Ivan Leonidovich Maximov (born 19 November 1958) is a Russian artist, animator and film director.

Biography
Ivan Maximov was born on 19 November 1958 in Moscow. He studied photography at the Biophysical Institute in Moscow till 1976. From 1976 - 1982 Maximov studied at the Moscow Institute of Physics and Technology in Moscow. He worked as an illustrator for various magazines and from 1982 to 1986 he was an engineer at the Russian Space Research Institute. Between 1986 and 1989 Maximov took advanced studies in Film Directing and Script writing.

In the early 1990s, Maximov became involved with Russia's first gaming magazine, Video-Ace Dendy (), and the television series, Dendy: The New Reality (). Here he was in charge of designing Dendy the Elephant, Dendy's trademark mascot.

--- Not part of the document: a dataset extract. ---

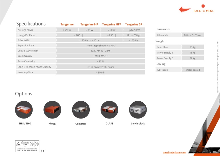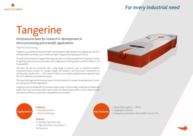 Tangerine是一种强大的飞秒激光器,它结合了高重复频率(高达40 MHz)和高达250uJ的高能量。
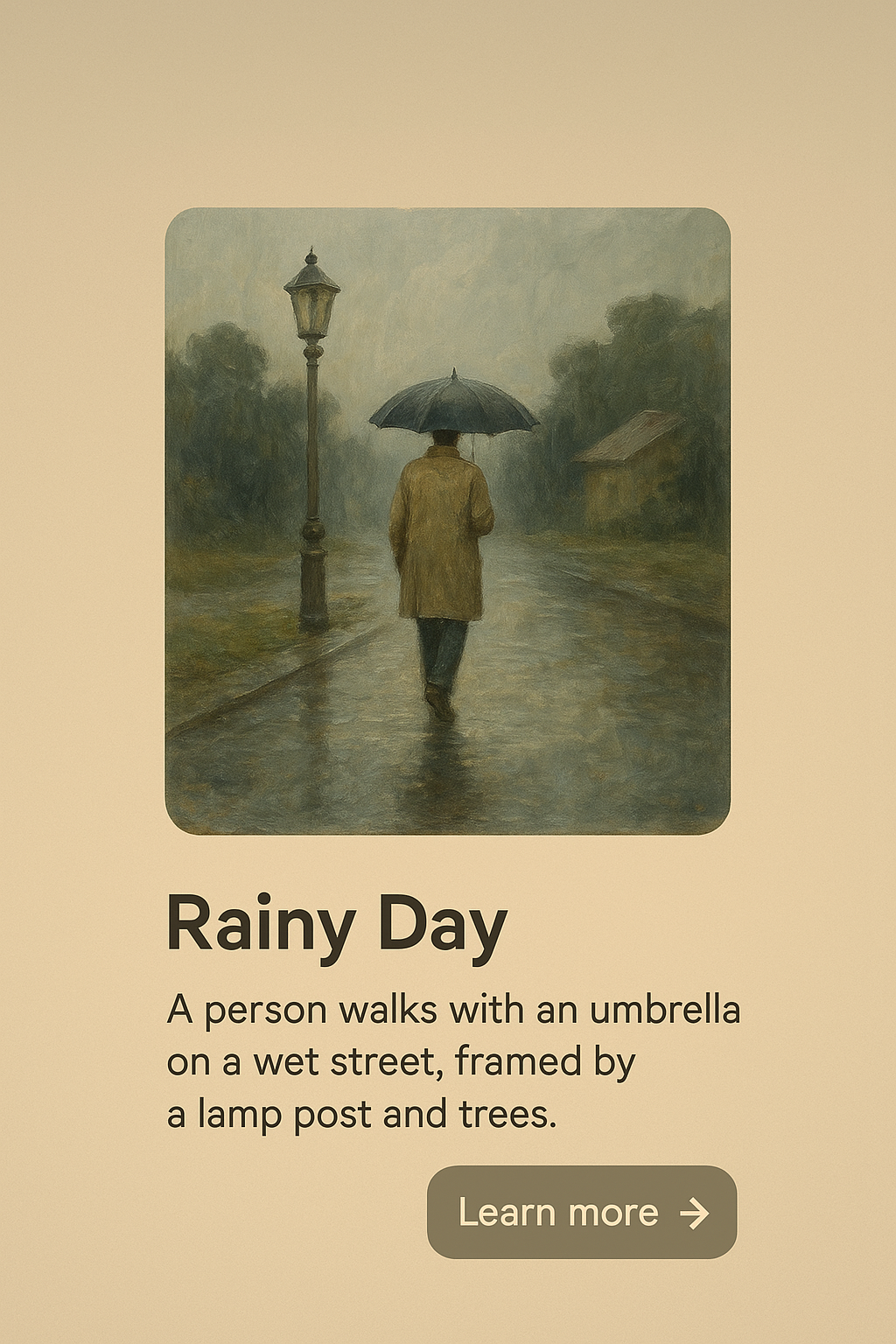A detailed oil painting depicting a person walking with an umbrella on a wet street. The scene is framed by a lamp post and trees, capturing the essence of a rainy day.

Starting in 1995 Maximov worked as "virtual studio IVAN MAXIMOV" where he set up his studio at home to work on film, video and computer animation. He worked as a caricaturist for VREMYA mn and in 2000 and 2001 he worked as a caricaturist for VREMYA NOVOSTEY.

In 2003, Maximov created the computer game Full Pipe at PIPE-STUDIO. The same year, he also began teaching film directing and script writing at school-studio SHAR and VGIK.

From 2002 - teacher of film directing in school-studio "SHAR"

From 2011 - teacher of animation filmdirecting in " PiterMultArt " in Saint-Petersburg

From 2011 to 2019 - artistic supervisor of animated series "Lucky!"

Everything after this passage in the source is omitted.